**EXERCISE AIM**
Begin with the line below holding "Xe ô tô biển" and go on through the line holding "टीम एबीएन, गुमला।", duplicating each line exactly and leaving out pictures.

**GIVEN ENTRIES**

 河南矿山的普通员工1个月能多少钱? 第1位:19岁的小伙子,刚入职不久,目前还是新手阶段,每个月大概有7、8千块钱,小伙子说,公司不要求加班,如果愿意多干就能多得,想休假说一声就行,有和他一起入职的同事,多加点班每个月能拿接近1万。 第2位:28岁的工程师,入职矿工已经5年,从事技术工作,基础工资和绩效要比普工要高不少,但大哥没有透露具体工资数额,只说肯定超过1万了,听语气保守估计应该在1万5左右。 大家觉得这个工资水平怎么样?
--
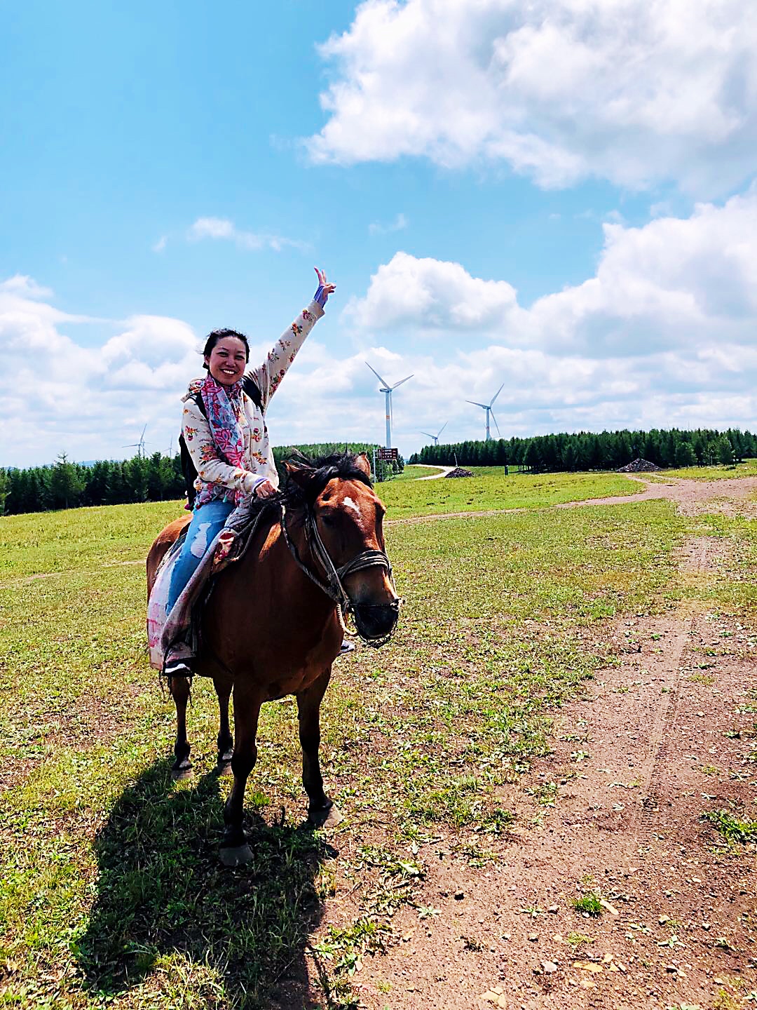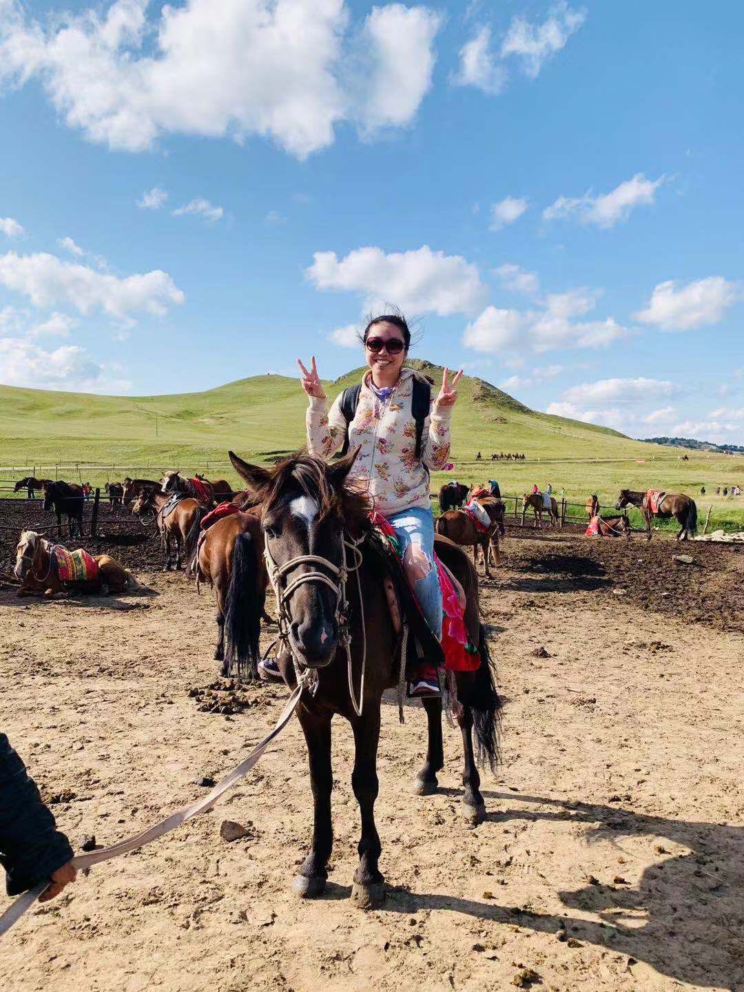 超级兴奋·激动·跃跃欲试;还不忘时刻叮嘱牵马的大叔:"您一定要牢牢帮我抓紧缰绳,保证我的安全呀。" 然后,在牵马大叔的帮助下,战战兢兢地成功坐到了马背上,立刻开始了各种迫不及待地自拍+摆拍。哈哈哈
...
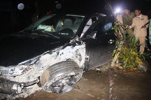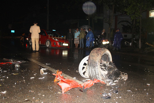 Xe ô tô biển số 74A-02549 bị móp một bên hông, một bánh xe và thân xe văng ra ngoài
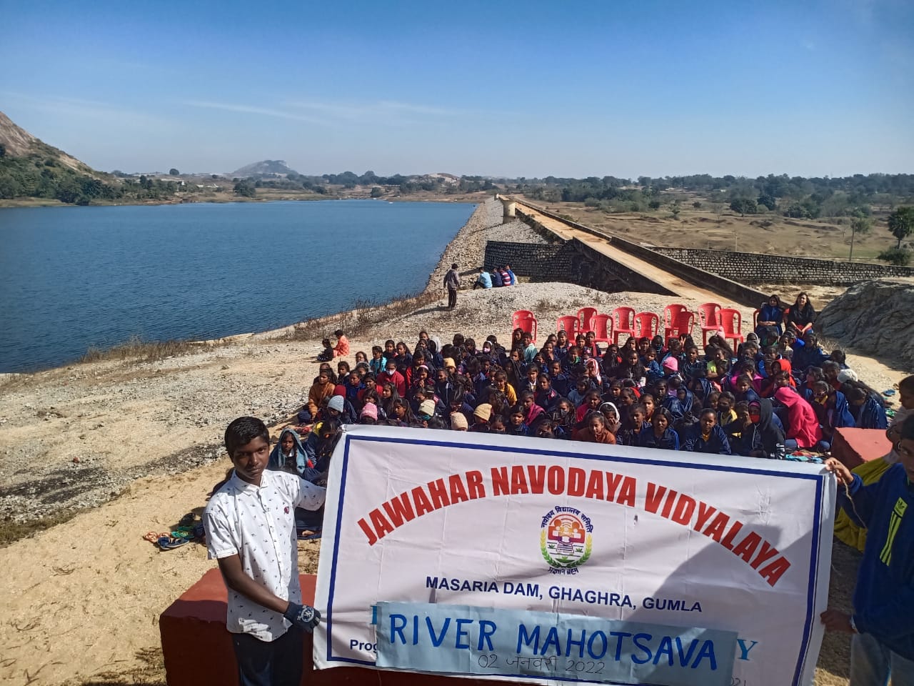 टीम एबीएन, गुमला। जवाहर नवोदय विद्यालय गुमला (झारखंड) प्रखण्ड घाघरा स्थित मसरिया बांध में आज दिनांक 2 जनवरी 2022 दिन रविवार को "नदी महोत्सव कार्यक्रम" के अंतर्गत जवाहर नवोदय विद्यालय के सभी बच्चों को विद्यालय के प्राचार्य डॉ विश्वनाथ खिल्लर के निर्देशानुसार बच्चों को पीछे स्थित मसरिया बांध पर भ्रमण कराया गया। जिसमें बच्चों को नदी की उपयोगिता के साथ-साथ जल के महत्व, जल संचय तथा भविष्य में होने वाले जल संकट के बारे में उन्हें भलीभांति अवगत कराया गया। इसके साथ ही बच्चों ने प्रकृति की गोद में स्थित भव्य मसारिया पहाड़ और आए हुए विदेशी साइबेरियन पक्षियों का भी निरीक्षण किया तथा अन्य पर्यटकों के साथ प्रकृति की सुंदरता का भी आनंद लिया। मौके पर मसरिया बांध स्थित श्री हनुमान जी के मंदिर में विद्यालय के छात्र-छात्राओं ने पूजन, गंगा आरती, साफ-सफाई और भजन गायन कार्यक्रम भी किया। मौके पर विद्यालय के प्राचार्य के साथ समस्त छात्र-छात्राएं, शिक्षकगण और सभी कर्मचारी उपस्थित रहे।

**EXERCISE RESULT**
 Xe ô tô biển số 74A-02549 bị móp một bên hông, một bánh xe và thân xe văng ra ngoài
 टीम एबीएन, गुमला। जवाहर नवोदय विद्यालय गुमला (झारखंड) प्रखण्ड घाघरा स्थित मसरिया बांध में आज दिनांक 2 जनवरी 2022 दिन रविवार को "नदी महोत्सव कार्यक्रम" के अंतर्गत जवाहर नवोदय विद्यालय के सभी बच्चों को विद्यालय के प्राचार्य डॉ विश्वनाथ खिल्लर के निर्देशानुसार बच्चों को पीछे स्थित मसरिया बांध पर भ्रमण कराया गया। जिसमें बच्चों को नदी की उपयोगिता के साथ-साथ जल के महत्व, जल संचय तथा भविष्य में होने वाले जल संकट के बारे में उन्हें भलीभांति अवगत कराया गया। इसके साथ ही बच्चों ने प्रकृति की गोद में स्थित भव्य मसारिया पहाड़ और आए हुए विदेशी साइबेरियन पक्षियों का भी निरीक्षण किया तथा अन्य पर्यटकों के साथ प्रकृति की सुंदरता का भी आनंद लिया। मौके पर मसरिया बांध स्थित श्री हनुमान जी के मंदिर में विद्यालय के छात्र-छात्राओं ने पूजन, गंगा आरती, साफ-सफाई और भजन गायन कार्यक्रम भी किया। मौके पर विद्यालय के प्राचार्य के साथ समस्त छात्र-छात्राएं, शिक्षकगण और सभी कर्मचारी उपस्थित रहे।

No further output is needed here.